Leo que el Congreso Internacional de Botánica, reunido en Madrid la semana pasada, ha decidido renombrar a más de doscientas especies, debido a que contienen, en su apelación científica, la palabra caffra, versión latina de “cafre”, que designa a los habitantes de Cafería, en Sudáfrica. Por mucho tiempo, “cafre” fue un adjetivo racista y todavía hoy el diccionario de la Real Academia Española nos dice que equivale a “bárbaro, bestia, animal, bruto, cruel, atroz, rudo, brusco, grosero, salvaje”. Para evitar la ofensa racial, los botánicos han realizado una operación de maquillaje, y le han quitado la “c” a tal insultante adjetivo, de modo que, de inmediato, todas las plantas cuyo nombre incluía caffra pasan a ser affra, es decir, “africanas”. La decisión de los botánicos ha hecho entrar en crisis a los taxonomistas, que desde hace tiempo están considerando cambiar de nombre a un escarabajo ciego denominado Anophtalmus hitleri, en honor de otro escarabajo alemán, y a una mariposa llamada Hypopta musolinii, volátil homenaje al dictador italiano. Todo ello es fruto de una actitud bastante reciente que tiende a aconsejar el uso de un lenguaje llamado “políticamente correcto”, es decir, tendiente a no ofender a nadie, principalmente a minorías o grupos tradicionalmente marginados (e insultados) dentro de sociedades fuertemente patriarcales. Me atrevo a sugerir una débil hipótesis: que el lenguaje “políticamente correcto”, antes de que se llamara así, había sido inventado por el pudoroso uso del idioma en los países latinoamericanos.
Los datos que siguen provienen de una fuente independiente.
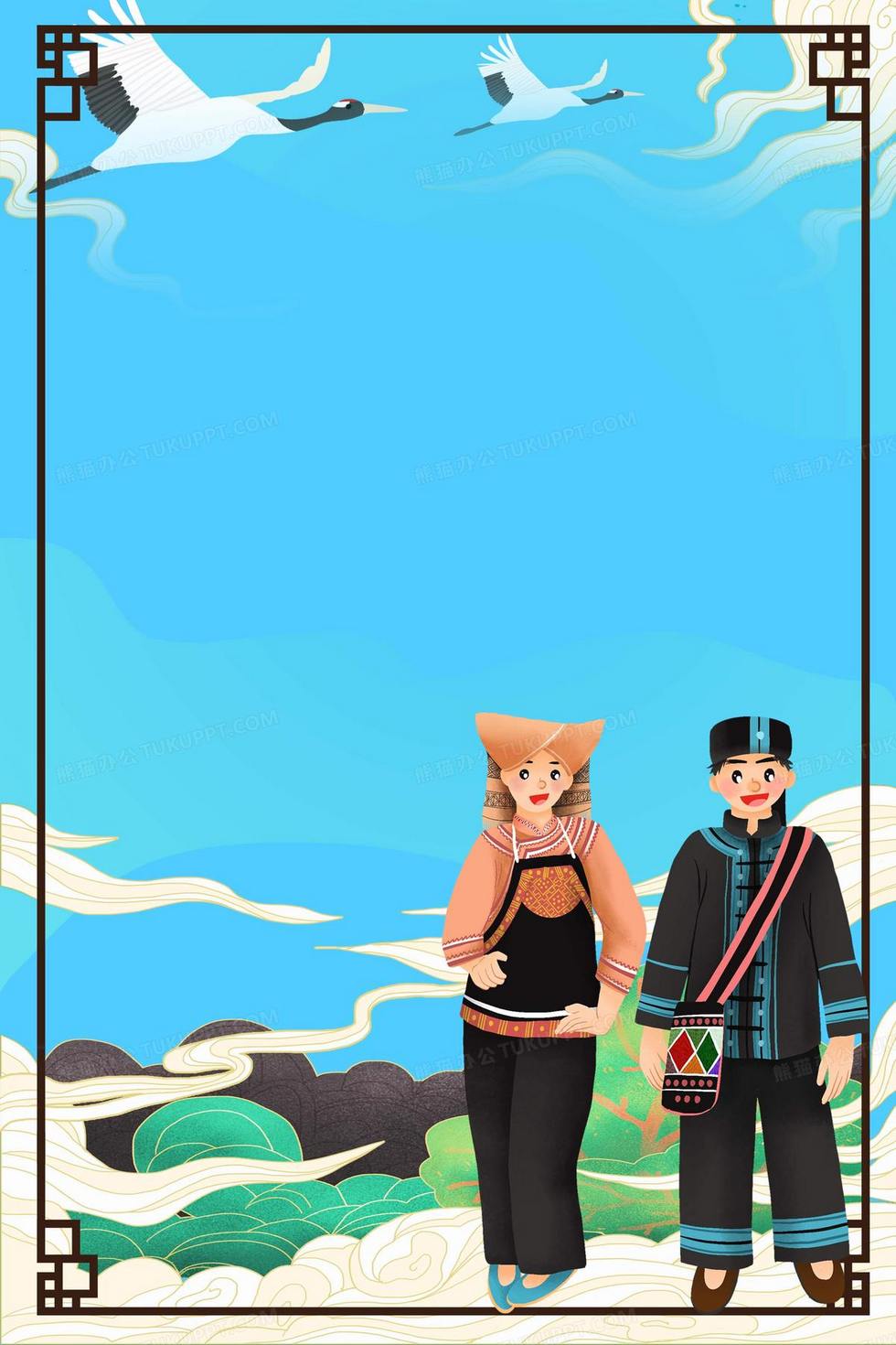 本作品内容为中国壮族少数民族传统服饰展示边框背景, 格式为 psd, 大小12 MB, 图片尺寸为2362 x 3543, 作品中背景图片无需修改, 源文件无水印,可以直接使用, 欢迎使用熊猫办公。 如认为平台内容涉嫌侵权,可通过邮件:tousu@tukuppt.com提出书面通知,我们将及时处理。

Es cosa sabida que, en América Latina, abundan los eufemismos. La cortesía imperante e hiperbólica de muchos países obliga a un uso del lenguaje extremadamente cuidadoso y comedido. La palabra tabú por excelencia es “madre”, y sobre este tabú, Octavio Paz escribió iluminadas páginas. Una pregunta común en la península ibérica: “¿Cómo está tu madre?”, sería ofensiva en la América Hispana, y de ofensiva podría tener, por lo menos, una respuesta verbal agresiva: “¡La tuya!”. Algo parecido cuenta (o inventa) Ángel Valbuena Prat respecto de las clases de bachillerato en Venezuela. Relata que, cuando el maestro alude, en la clase de Geografía, a la isla de Sumatra, los estudiantes invariablemente responden: “¡La sutra!”. Se prefiere decir “su mamá”, que por misteriosos motivos no ofende. Otro universal latinoamericano es el tabú para el verbo “coger”, de uso específico para las relaciones íntimas. En su lugar, “agarrar” que no suena mejor, pero aceptado en sociedad. La inocente “concha” que prolifera en las playas pacíficas adquiere un significado indecible en el Cono Sur, mientras que en Centroamérica alude simplemente a la valva de las almejas o es diminutivo de Concepción. No es tabú, para los peninsulares, nombrar aquella parte del cuerpo donde la espalda pierde su buen nombre, y, en cambio, es grosería en Hispanoamérica, sustituida por “el trasero” y en caso de consulta médica, “aquí atrás”.  Problemas hay con “prostituta”, en su versión coloquial, y muchos al señalar tal profesión como propia de la progenitora de alguno. En América Central, se usa “la gran chucha”, como eufemismo de otra expresión que ve protagonista una persona “de vida alegre”, y graciosa es la anécdota del embajador que quiso ser pudoroso en Chile, y exclamó, en medio de reunión oficial, “¡ah, la chucha!” para escándalo y vergüenza de los presentes, pues en aquel país austral es palabra horrible, sinónimo de la “concha” antes evocada. Para cerrar, y por paridad de género, las infinitas versiones para un órgano cuyo nombre estricto es “pene”, pero que da mucha pena llamar por su nombre. Úsanse metáforas, como “pájaro” o “pajarito”, o “paloma” y “palomita” y párele de contar, porque mucho y variado hay.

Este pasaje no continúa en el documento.